■ Listed records:
┌────────
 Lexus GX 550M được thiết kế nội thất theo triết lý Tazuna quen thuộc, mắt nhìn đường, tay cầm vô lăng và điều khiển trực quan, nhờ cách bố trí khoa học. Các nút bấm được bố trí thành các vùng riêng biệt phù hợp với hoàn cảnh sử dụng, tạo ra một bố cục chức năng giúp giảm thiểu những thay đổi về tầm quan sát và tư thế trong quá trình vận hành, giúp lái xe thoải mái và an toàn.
└────────
┌────────
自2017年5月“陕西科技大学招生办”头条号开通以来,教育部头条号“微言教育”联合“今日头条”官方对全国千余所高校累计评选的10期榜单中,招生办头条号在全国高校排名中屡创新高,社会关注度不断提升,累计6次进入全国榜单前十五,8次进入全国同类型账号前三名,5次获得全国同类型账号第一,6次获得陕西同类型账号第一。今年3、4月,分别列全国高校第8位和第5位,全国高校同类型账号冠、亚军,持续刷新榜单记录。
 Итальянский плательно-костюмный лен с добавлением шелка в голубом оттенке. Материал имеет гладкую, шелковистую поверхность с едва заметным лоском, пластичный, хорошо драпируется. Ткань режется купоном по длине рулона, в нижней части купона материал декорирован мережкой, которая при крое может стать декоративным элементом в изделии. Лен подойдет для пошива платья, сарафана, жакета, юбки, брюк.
└────────
┌────────
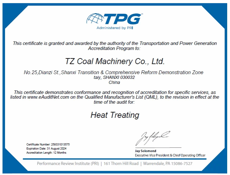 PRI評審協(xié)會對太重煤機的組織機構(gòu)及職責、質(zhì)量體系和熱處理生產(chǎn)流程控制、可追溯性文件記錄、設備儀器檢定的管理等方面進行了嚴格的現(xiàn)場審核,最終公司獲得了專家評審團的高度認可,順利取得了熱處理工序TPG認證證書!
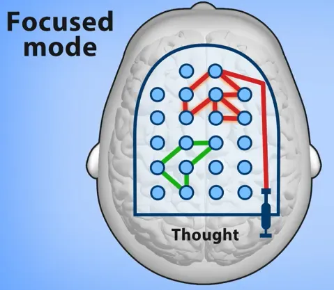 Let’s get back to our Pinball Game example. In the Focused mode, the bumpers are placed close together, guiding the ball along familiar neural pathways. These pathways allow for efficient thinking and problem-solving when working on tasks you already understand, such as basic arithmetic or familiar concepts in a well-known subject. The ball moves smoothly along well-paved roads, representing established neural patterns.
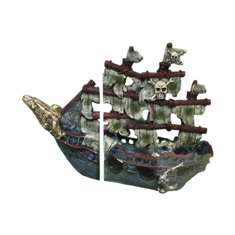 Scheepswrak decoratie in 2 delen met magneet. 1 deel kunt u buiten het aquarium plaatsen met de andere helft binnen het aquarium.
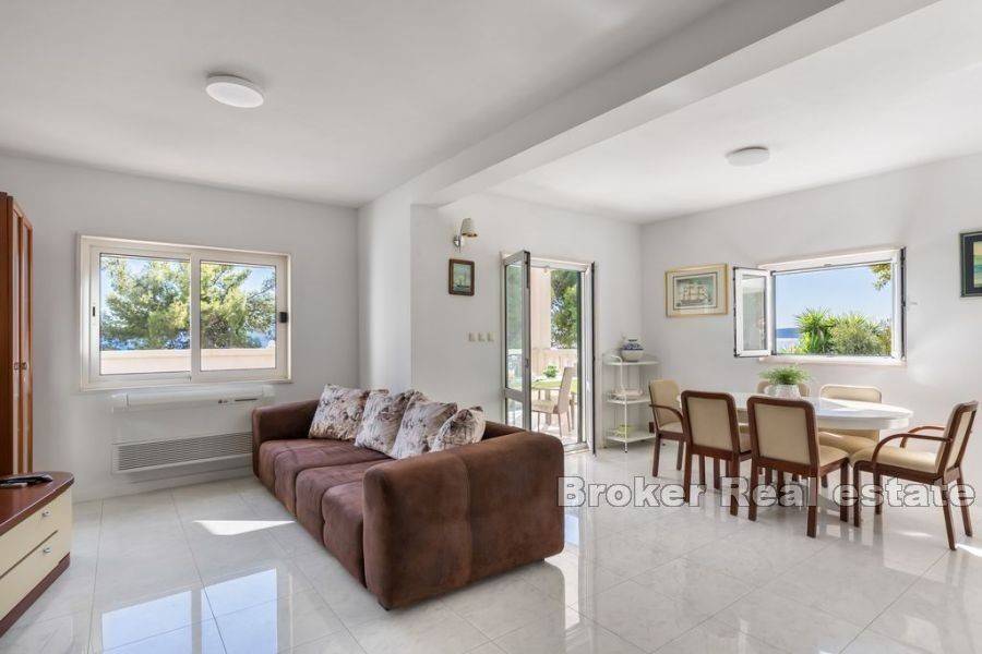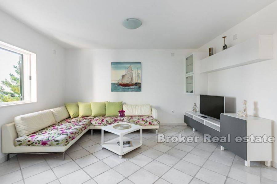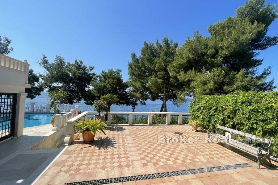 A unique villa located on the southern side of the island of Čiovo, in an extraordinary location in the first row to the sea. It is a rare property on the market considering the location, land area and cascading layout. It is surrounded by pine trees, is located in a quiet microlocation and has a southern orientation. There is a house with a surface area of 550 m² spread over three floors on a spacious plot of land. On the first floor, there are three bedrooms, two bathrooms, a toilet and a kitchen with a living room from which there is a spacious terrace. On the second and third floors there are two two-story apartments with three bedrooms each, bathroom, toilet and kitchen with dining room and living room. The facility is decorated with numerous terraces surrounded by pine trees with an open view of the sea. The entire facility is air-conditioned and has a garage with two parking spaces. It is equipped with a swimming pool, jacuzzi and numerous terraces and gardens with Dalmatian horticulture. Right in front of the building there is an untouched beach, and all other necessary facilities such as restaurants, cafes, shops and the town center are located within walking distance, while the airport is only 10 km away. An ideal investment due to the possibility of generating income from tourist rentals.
└────────
■ Task objective:
"PRI評審協(xié)會對太" marks the first line to copy, and "A unique villa" marks the last. Repeat that stretch above exactly, with no pictures.

■ Exercise result:
 PRI評審協(xié)會對太重煤機的組織機構(gòu)及職責、質(zhì)量體系和熱處理生產(chǎn)流程控制、可追溯性文件記錄、設備儀器檢定的管理等方面進行了嚴格的現(xiàn)場審核,最終公司獲得了專家評審團的高度認可,順利取得了熱處理工序TPG認證證書!
 Let’s get back to our Pinball Game example. In the Focused mode, the bumpers are placed close together, guiding the ball along familiar neural pathways. These pathways allow for efficient thinking and problem-solving when working on tasks you already understand, such as basic arithmetic or familiar concepts in a well-known subject. The ball moves smoothly along well-paved roads, representing established neural patterns.
 Scheepswrak decoratie in 2 delen met magneet. 1 deel kunt u buiten het aquarium plaatsen met de andere helft binnen het aquarium.
 A unique villa located on the southern side of the island of Čiovo, in an extraordinary location in the first row to the sea. It is a rare property on the market considering the location, land area and cascading layout. It is surrounded by pine trees, is located in a quiet microlocation and has a southern orientation. There is a house with a surface area of 550 m² spread over three floors on a spacious plot of land. On the first floor, there are three bedrooms, two bathrooms, a toilet and a kitchen with a living room from which there is a spacious terrace. On the second and third floors there are two two-story apartments with three bedrooms each, bathroom, toilet and kitchen with dining room and living room. The facility is decorated with numerous terraces surrounded by pine trees with an open view of the sea. The entire facility is air-conditioned and has a garage with two parking spaces. It is equipped with a swimming pool, jacuzzi and numerous terraces and gardens with Dalmatian horticulture. Right in front of the building there is an untouched beach, and all other necessary facilities such as restaurants, cafes, shops and the town center are located within walking distance, while the airport is only 10 km away. An ideal investment due to the possibility of generating income from tourist rentals.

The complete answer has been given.